Arnold Relman on single payer
Kaiser Daily Health Policy Report
February 28, 2005
Opinion
by
Arnold Relman, New Republic:
U.S. health policies “have failed to meet national needs” during “the past four decades” because “they have been heavily influenced by the delusion that medical care is essentially a business,” and current proposals to shift to a more consumer-driven health care system “are likely to make our predicament even worse,” Relman, professor emeritus of medicine and social medicine at Harvard Medical School and former editor of the New England Journal of Medicine, writes in a New Republic opinion piece. The current rate of inflation in health care costs is “unsustainable,” and it is likely that any market-based solutions will fail to address the problem, Relman says.
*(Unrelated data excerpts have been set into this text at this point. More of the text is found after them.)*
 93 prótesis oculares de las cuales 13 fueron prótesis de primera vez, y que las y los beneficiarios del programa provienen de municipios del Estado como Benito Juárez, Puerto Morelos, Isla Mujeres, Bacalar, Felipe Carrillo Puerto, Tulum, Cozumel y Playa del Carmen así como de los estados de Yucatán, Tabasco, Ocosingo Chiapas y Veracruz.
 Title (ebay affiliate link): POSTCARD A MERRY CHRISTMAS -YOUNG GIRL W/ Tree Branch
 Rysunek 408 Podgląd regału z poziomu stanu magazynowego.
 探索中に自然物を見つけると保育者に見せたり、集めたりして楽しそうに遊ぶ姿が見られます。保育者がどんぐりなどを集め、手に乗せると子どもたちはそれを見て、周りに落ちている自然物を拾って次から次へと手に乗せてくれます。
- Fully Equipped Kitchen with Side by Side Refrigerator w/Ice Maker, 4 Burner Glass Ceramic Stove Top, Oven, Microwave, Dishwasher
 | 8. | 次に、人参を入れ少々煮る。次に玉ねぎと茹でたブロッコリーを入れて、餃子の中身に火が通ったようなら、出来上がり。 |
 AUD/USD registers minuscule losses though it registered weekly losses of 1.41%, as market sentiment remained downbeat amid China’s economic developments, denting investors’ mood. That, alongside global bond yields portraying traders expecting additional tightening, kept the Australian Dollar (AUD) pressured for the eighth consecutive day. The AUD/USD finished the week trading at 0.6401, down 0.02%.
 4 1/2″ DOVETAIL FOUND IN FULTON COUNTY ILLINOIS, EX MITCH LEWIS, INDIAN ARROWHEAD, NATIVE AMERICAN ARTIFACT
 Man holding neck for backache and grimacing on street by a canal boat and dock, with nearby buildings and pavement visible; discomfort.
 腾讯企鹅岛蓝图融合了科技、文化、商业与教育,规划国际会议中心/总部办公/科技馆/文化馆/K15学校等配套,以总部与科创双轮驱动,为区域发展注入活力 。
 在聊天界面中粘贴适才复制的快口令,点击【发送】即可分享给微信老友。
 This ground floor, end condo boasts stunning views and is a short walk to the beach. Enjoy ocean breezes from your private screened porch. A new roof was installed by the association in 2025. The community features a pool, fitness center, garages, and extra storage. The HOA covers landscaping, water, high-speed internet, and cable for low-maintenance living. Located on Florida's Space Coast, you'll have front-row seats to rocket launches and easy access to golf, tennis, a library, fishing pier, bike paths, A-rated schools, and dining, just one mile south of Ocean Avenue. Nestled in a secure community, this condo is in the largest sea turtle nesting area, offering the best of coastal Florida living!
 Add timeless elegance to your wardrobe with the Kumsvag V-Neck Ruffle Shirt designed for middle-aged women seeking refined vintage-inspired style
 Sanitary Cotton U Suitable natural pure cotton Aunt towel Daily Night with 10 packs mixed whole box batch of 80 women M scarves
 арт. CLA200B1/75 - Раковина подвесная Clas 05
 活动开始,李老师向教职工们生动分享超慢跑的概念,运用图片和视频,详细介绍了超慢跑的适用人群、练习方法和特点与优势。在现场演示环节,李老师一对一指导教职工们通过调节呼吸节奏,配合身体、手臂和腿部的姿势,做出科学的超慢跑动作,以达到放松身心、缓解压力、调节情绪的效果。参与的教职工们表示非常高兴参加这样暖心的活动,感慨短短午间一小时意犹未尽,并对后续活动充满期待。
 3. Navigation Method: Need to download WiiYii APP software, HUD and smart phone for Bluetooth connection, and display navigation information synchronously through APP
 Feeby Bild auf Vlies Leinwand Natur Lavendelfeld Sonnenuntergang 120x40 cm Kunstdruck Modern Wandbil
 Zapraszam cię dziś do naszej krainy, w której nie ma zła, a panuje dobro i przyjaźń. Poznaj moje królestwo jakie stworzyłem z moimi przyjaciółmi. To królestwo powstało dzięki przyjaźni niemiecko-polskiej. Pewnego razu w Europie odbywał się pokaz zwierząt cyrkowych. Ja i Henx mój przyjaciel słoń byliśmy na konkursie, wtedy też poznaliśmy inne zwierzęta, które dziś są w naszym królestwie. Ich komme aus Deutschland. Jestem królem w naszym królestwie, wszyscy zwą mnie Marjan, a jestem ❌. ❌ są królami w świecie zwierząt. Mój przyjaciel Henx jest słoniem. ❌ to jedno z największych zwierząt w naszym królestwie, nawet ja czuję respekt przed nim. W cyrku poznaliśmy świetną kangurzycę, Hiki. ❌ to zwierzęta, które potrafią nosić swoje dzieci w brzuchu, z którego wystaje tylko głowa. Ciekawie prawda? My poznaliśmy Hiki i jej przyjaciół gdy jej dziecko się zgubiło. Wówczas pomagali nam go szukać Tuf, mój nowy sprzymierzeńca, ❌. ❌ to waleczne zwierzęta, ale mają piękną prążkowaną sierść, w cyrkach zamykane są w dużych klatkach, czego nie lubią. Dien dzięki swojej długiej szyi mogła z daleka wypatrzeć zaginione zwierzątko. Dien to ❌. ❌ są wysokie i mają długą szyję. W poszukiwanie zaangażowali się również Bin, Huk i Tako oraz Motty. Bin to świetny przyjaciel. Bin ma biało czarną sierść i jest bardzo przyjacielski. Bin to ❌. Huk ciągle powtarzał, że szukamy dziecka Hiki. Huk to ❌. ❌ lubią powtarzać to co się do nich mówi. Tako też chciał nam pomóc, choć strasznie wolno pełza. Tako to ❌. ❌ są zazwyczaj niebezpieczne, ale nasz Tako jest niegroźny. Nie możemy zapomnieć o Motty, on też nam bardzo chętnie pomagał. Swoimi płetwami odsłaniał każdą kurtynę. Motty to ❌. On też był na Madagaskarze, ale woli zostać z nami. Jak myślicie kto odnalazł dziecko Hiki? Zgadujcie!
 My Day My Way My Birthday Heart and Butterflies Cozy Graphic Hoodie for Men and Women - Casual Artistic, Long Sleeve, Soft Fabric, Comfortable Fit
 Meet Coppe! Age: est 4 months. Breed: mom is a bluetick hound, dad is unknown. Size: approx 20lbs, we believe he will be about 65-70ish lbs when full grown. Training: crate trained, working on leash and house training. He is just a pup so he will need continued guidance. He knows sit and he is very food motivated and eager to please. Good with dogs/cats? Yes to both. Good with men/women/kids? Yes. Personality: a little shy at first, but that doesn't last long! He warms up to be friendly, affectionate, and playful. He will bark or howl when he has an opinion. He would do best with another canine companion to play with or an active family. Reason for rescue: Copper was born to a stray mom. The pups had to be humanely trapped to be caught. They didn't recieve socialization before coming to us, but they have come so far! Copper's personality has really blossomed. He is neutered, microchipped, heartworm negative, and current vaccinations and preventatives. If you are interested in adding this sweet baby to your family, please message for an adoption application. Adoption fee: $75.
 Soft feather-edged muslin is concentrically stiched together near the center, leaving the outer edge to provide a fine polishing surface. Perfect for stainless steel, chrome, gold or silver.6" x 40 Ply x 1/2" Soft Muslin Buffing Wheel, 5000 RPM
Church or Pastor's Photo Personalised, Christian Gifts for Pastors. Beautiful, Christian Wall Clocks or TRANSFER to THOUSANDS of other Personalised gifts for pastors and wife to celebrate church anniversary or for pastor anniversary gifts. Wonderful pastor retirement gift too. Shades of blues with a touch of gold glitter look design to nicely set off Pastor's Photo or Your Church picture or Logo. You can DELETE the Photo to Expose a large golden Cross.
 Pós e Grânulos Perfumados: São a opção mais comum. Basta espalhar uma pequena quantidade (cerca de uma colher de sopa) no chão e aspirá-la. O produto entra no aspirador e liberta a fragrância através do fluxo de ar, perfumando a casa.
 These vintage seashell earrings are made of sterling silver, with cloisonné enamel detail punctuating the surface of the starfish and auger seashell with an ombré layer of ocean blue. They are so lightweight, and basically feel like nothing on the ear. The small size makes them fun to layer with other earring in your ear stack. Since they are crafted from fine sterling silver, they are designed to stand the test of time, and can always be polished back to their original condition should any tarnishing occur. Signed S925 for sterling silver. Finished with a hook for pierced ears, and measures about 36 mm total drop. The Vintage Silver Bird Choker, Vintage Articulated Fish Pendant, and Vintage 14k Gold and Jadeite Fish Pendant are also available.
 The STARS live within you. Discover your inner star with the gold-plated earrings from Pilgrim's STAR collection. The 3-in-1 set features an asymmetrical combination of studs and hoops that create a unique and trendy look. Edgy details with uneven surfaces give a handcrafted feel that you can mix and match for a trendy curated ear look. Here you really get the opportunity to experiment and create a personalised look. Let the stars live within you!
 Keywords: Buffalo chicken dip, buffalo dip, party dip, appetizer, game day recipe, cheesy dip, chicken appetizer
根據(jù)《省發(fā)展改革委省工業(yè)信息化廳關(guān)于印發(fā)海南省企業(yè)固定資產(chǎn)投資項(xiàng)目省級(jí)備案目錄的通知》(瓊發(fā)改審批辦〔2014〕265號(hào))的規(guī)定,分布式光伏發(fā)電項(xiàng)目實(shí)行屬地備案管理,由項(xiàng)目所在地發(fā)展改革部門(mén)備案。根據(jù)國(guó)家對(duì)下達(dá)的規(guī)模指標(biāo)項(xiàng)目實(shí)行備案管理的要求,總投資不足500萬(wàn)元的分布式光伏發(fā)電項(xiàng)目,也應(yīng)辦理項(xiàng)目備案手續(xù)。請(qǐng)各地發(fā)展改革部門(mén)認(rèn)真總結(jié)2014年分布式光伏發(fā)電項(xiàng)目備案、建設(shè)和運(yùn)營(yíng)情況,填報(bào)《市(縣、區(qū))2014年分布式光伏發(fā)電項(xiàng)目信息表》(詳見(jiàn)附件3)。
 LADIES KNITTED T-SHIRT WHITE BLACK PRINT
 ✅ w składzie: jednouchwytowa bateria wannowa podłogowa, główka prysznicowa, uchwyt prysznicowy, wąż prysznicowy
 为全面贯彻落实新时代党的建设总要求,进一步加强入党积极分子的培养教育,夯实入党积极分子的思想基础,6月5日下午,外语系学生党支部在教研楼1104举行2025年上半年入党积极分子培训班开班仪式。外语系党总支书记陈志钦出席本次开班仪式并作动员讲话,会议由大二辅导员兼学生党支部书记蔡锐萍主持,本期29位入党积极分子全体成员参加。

He adds that the United States should be prepared to establish a single-payer system that addresses fundamental problems in both the “insurance and delivery sides.” Relman concludes, “A real solution to our crisis will not be found until the public, the medical profession and the government reject the prevailing delusion that health care is best left to market forces” (Relman, New Republic, 3/7).
http://www.kaisernetwork.org/daily_reports/print_report.cfm?DR_ID=28377&dr_cat=3
Comment: For some time it has been clear that the single payer model of reform would provide a real solution to our health care crisis. But many voices have remained silent or muffled because of concerns about political feasibility. We’ve known that the feasibility of the single payer model is not the problem. It’s the politics. And more and more of us now realize that we must speak up if we ever expect to change the politics.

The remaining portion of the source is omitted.